2.3.3 Mécanismes à l'origine du mosaïcisme

J'ai décrit précédemment comment l'organisation modulaire des lambdoïdes facilite leur mosaïcisme génomique. Les mécanismes moléculaires à l'origine de ce mosaïcisme restent assez débattus. Néanmoins, les lambdoïdes codent généralement pour des enzymes de recombinaison généralisée (Lopes, et al. 2010). Nous avons vu que ces enzymes sont impliquées dans la réplication et l'encapsidation des génomes dans les particules de tête (Smith 1983). Différentes familles de recombinases ont été décrites et plusieurs d'entre elles ont été observées au sein des génomes de lambdoïdes (Lopes, et al. 2010; Murphy 2012). De même, il existe un deuxième type d'inhibiteur de RecBCD parmi les lambdoïdes (décrit chez le phage P22): Abc2 (Murphy 2012). Ces recombinases détectées chez les lambdoïdes médient des réactions de recombinaison homologue. Une analyse expérimentale de la recombinaison des phages lambdoïdes a mis en évidence que la recombinase Redβ de Lambda peut agir sur des séquences assez divergentes (Martinsohn, et al. 2008). L'évolution

des phages lambdoïdes pourrait ainsi être promue par un mécanisme de recombinaison homologue plus permissif, qualifié de recombinaison "homéologue" (Martinsohn, et al. 2008).

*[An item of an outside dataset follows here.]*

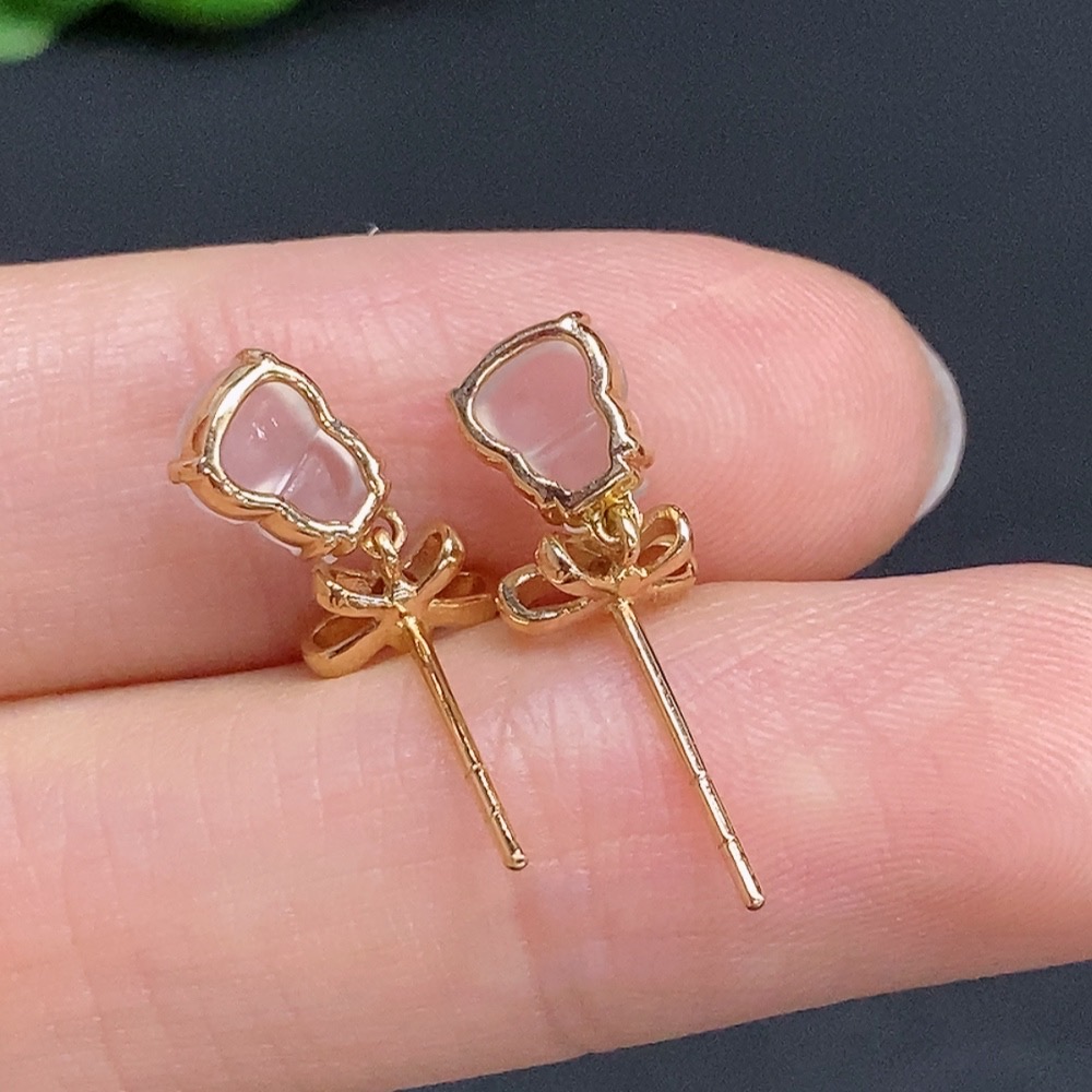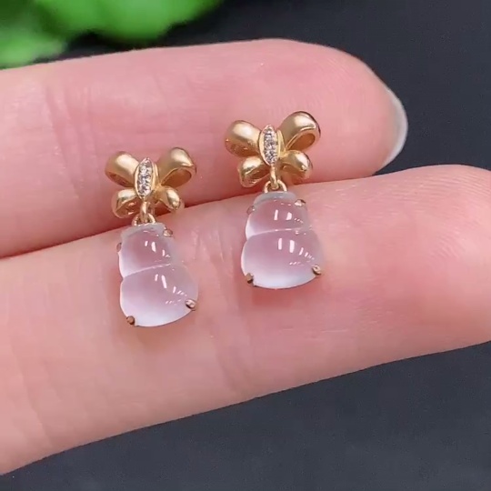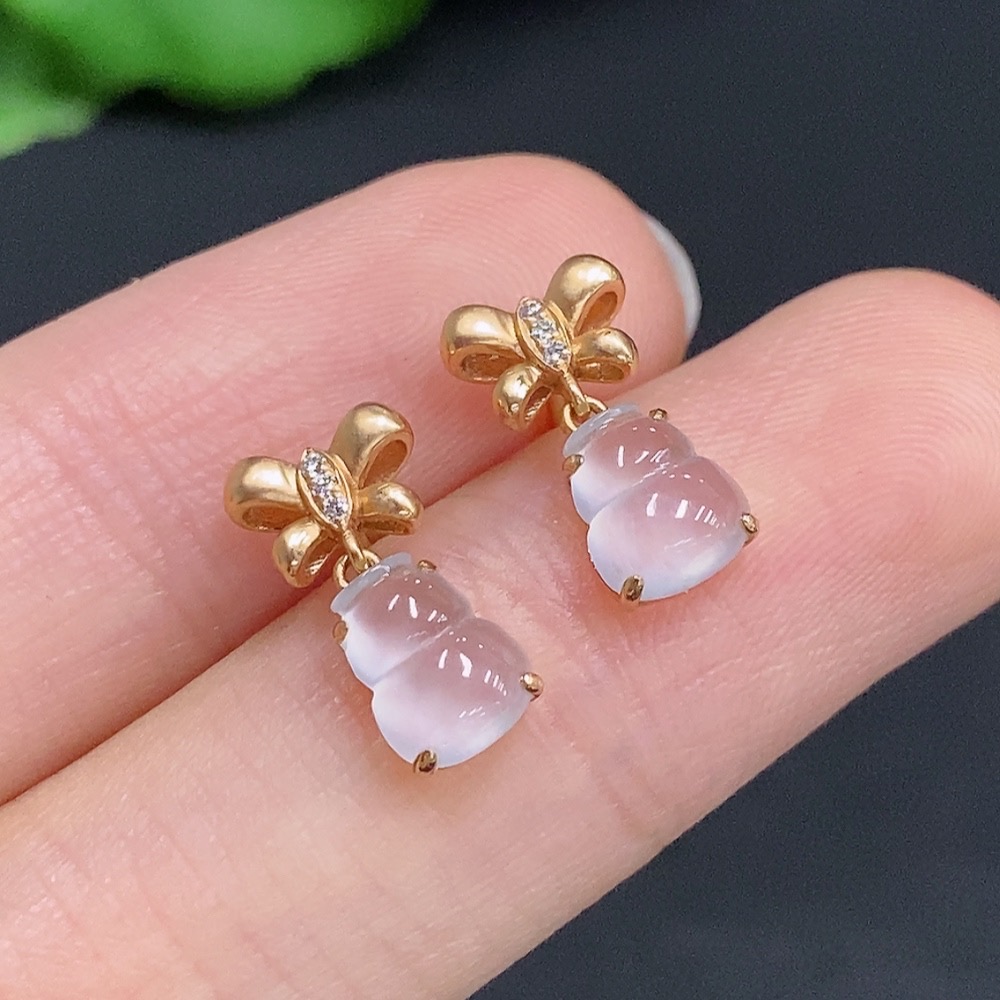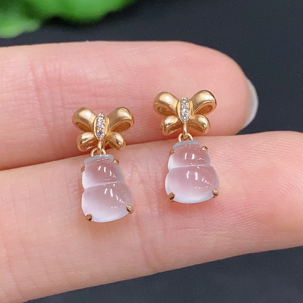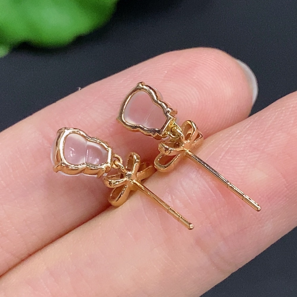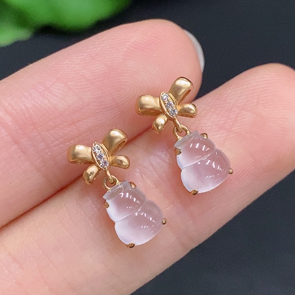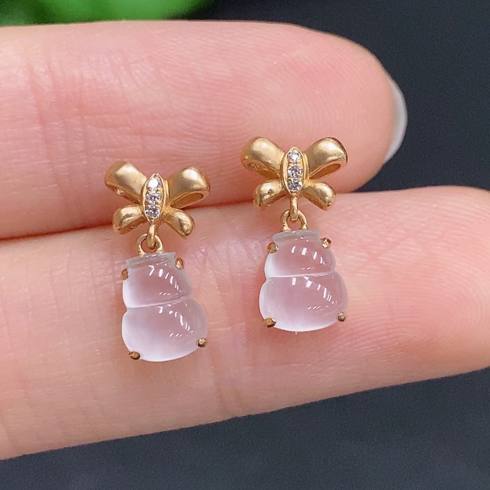 Jadeite Gourd Inlaid Earrings 18k Gold Total Weight Approx.1.6g With Diamond Accents

De plus, un nouveau mécanisme de recombinaison de l'enzyme Redβ a récemment été proposé et permettrait des échanges importants d'ADN (Maresca, et al. 2010). Ce modèle a d'importantes implications pour la compréhension du mosaïcisme phagique puisqu'il suggère qu'il est possible d'échanger de longues séquences non homologues flanquées par de courtes régions homologues (ou homéologues) (Maresca, et al. 2010). Cependant, le mosaïcisme génomique des phages est généralement très contrasté: des régions de forte similarité sont typiquement entourées de régions très divergentes. D'autres travaux ont souligné que ce schéma est assez peu compatible avec un mécanisme de recombinaison homologue qui nécessiterait la conservation de séquences similaires pour permettre l'échange de modules différents. Si la conservation de telles séquences en bordures des modules a effectivement été observée dans certains génomes (Clark, et al. 2001), ceci ne semble pas pouvoir expliquer la majorité des cas (Hendrix and Casjens 2006). Pour cette raison, il a été suggéré que la recombinaison illégitime joue un rôle prépondérant dans le mosaïcisme phagique (Hendrix, et al. 1999). La recombinaison illégitime permet également d'expliquer la présence de morons homologues au sein de modules fonctionnels différents. L'origine du mosaïcisme génomique n'est donc pas une question résolue. Finalement, il est important de souligner que les deux hypothèses ne sont pas mutuellement exclusives. De plus, la forte diversité des phages et de leurs gènes permet de supposer que notre connaissance actuelle des stratégies et des mécanismes de recombinaison phagiques est encore très lacunaire.